Politics and Government News

Justice Clarence Thomas takes aims at Tech and its power 'to cut off speech'

Supreme Court Justice Clarence Thomas issued a concurrence in a case over Trumps Twitter account in which Thomas suggested that social media companies should be regulated like public utilities.
Supreme Court Justice Clarence Thomas issued a concurrence in a case over Trumps Twitter account in which Thomas suggested that social media companies should be regulated like public utilities.
Patrick Semansky/AP

The Supreme Court on Monday dismissed a lower court ruling that former President Trump violated the First Amendment rights of critics he blocked on Twitter, now that Trump is a private citizen.

Lawyers for those Trump blocked on Twitter argued that the former president's Twitter account functioned as an official source of information about the government, leading a federal appeals court to rule that Trump's blocking amounted to illegally silencing their viewpoints.

But Trump is no longer in office, and Twitter has permanently banned him from the platform over glorifying violence. So the lower court's ruling from the 2nd U.S. Circuit Court of Appeals should be tossed, the Supreme Court ruled, instructing the court to dismiss the case as "moot," or no longer active.

While the case can no longer be cited as precedent, other courts have held that an elected official's social media accounts can be treated as public forums. And so, the dismissal "is unlikely to affect the development of the law," said Jameel Jaffer, Director of the Knight First Amendment Institute at Columbia University, which sued Trump over his blocking of critics.

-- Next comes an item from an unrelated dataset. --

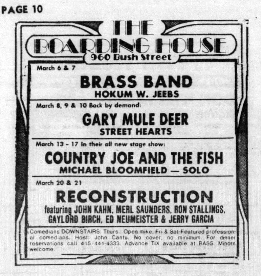 Musicians Jerry Garcia - electric guitar, vocals Ed Neumeister - trombone Gaylord Birch - drums, vocals John Kahn - electric bass Merl Saunders - keyboards, synthesizers, vocals Ron Stallings - saxophone, vocals

The decision from the high court did not surprise court watchers, but a concurrence in the ruling from Justice Clarence Thomas has drawn intense attention in technology circles.

In it, Thomas took broad aim at social media networks, attacking Section 230 of the Communications Decency Act, the landmark law that protects technology companies from lawsuits and also provides platforms wide latitude in patrolling speech on its sites.

To Thomas, Twitter's ban of Trump exposed the potential abuses of this legal protection, noting how "applying old doctrines to new digital platforms is rarely straightforward."

Thomas went on: "As Twitter made clear, the right to cut off speech lies most powerfully in the hands of private digital platforms. The extent to which that power matters for purposes of the First Amendment and the extent to which that power could lawfully be modified raise interesting and important questions," Thomas wrote.

Big Tech companies Facebook and Google, Thomas points out, have vast, largely unchecked control over online marketplaces.

"It changes nothing that these platforms are not the sole means for distributing speech or information. A person always could choose to avoid the toll bridge or train and instead swim the Charles River or hike the Oregon Trail," Thomas wrote. "But in assessing whether a company exercises substantial market power, what matters is whether the alternatives are comparable. For many of today's digital platforms, nothing is."

In Thomas' view, social media companies are "sufficiently akin" to a common carrier, such as a public utility, like a telephone company and should be "regulated in this manner," he wrote.

The remarks from Thomas are not the first time he has written that Section 230 should be reined in. He wrote in October 2020 that it "behooves" the justices to narrow the scope of the law.

Harvard Law School's Evelyn Douek argued that Twitter booting Trump may just be the action that leads to a stripping of the platforms' legal protections.

"I've said this repeatedly, but it was terribly short-sighted of liberals to unquestioningly celebrate the unaccountable deplatforming of Trump (not to mention everyone else swept up) as an exercise of private power and cede the point that regulation might actually be beneficial," she tweeted.

Legal scholars of Section 230 greeted Thomas' position on the law dubiously, noting that it is not an indication of how the entire court stands on the matter.

"I'm not sure what to make of how much support Justice Thomas's reading of 230 has among the other eight Justices, particularly because they've denied cert in a few high-profile 230 cases recently," tweeted lawyer Jeff Kossoff, who wrote a book on the law called The Twenty-Six Words that Created the Internet. "I do think that Thomas's statement increases the chances that at least two judges on a randomly chosen circuit court panel will rule in favor of must-carry rules for social media platforms," Kossoff wrote.

Daphne Keller, former general counsel for Google and now with Stanford Law School, said any legal analysis of Section 230 that ignores a long history of cases that have upheld platforms' First Amendment right of policing troubling content "are either ignorant or intellectually dishonest."

Others applauded Thomas' remarks, including Rachel Bovard, senior director of policy at the Conservative Partnership Institute.

"The Thomas concurrence regarding Big Tech has everything: 1) legitimizing the threat of concentrated corporate power; 2) Google gatekeeping info for 90% of the world; 3) gov't outsourcing censorship; 4) justifications for common carrier regulation," Bovard tweeted.